Die Überbelegungsquote in Deutschland ist laut Statistischem Bundesamt 2025 auf 11,7 Prozent gestiegen. Vor fünf Jahren lag der Anteil noch bei 10,2 Prozent. Besonders betroffen sind Haushalte mit Kindern, Alleinerziehende sowie Menschen mit ausländischer Staatsangehörigkeit. In Großstädten lebt inzwischen fast jeder sechste Einwohner in einer Wohnung mit zu wenig Zimmern. Unter Minderjährigen lag die Quote bei 19 Prozent. Die Zahlen verdeutlichen den zunehmenden Wohnungsmangel vor allem in urbanen Regionen. Für die Immobilienbranche bleibt die hohe Nachfrage nach bezahlbarem Wohnraum damit ein zentraler Treiber bei Neubau, Vermietung und Projektentwicklung.
Hohe Energiepreise zwingen viele zum Sparen
Steigende Kosten für Strom, Heizung und Kraftstoffe verändern den Alltag vieler Haushalte. Besonders beim Heizen und Autofahren schränken sich viele Menschen inzwischen bewusst ein.

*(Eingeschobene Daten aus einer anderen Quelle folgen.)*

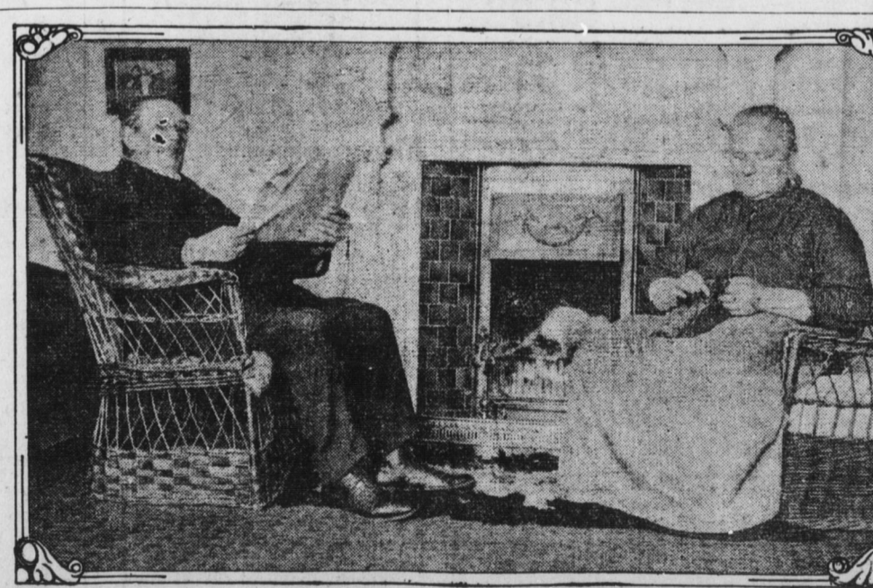
BELEM REFUGEES ENJOYING THE COMFORT OF AN ENGLISH FIRESIDE. THOUSANDS HAVE BEEN GIVEN SUCH HOMES AS THIS IN ENGLAND
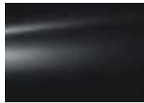
Gris Haria (M)
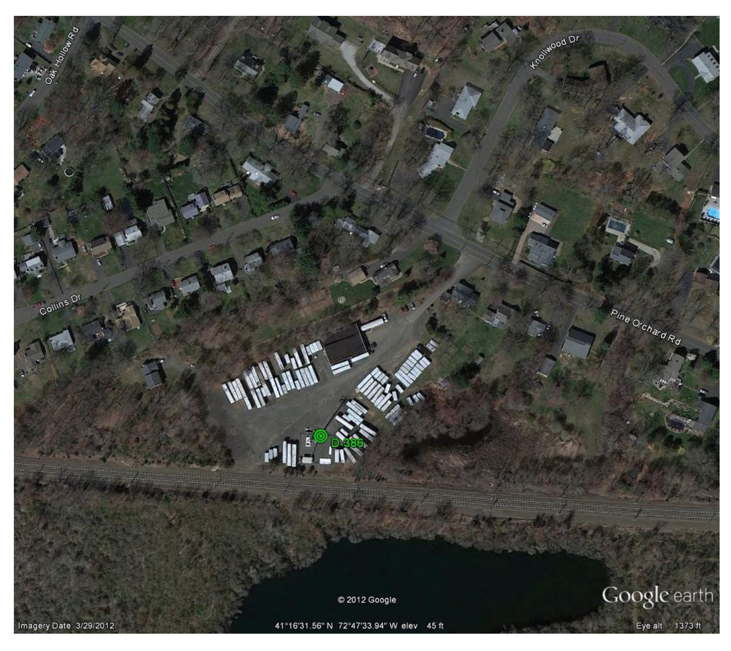
Site location at 121 Pine Orchard Road.
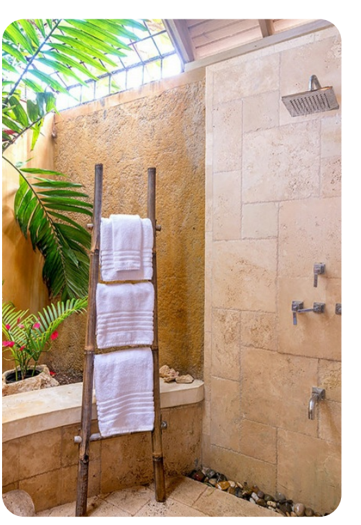
Hidden Bay by the Sea | Page 8 of 8
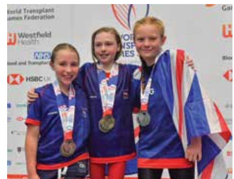
A 'Full House' for the home team
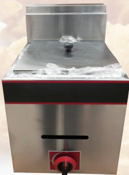
Gas Single Tank Fryer -71
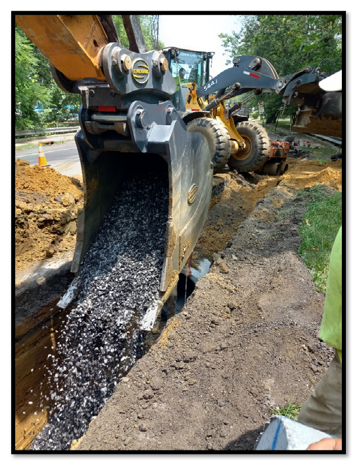
Photograph 2 – The pipe subcontractor began installing 24" RCP at the eastern end of the project near the County border heading towards the Diverter Manhole.
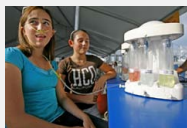
Green Music Festival

Die infolge des Irankriegs gestiegenen Energiepreise führen laut einer Verivox Umfrage bei vielen Menschen in Deutschland zu einem sparsameren Umgang mit Energie. Rund zwei Drittel der Befragten gaben an, ihren Verbrauch wegen der höheren Kosten bewusst zu reduzieren. Besonders häufig wird beim Heizen, Stromverbrauch und Autofahren gespart. Gleichzeitig bleibt die Bereitschaft für größere Investitionen in energetische Sanierungen oder neue Heizsysteme begrenzt. Viele setzen stattdessen auf kleinere Maßnahmen wie Balkonkraftwerke oder bewussteres Energiesparen. Für Eigentümer und Vermieter dürfte das Thema Energiekosten damit weiter Einfluss auf Nachfrage, Modernisierung und Wohnkosten haben.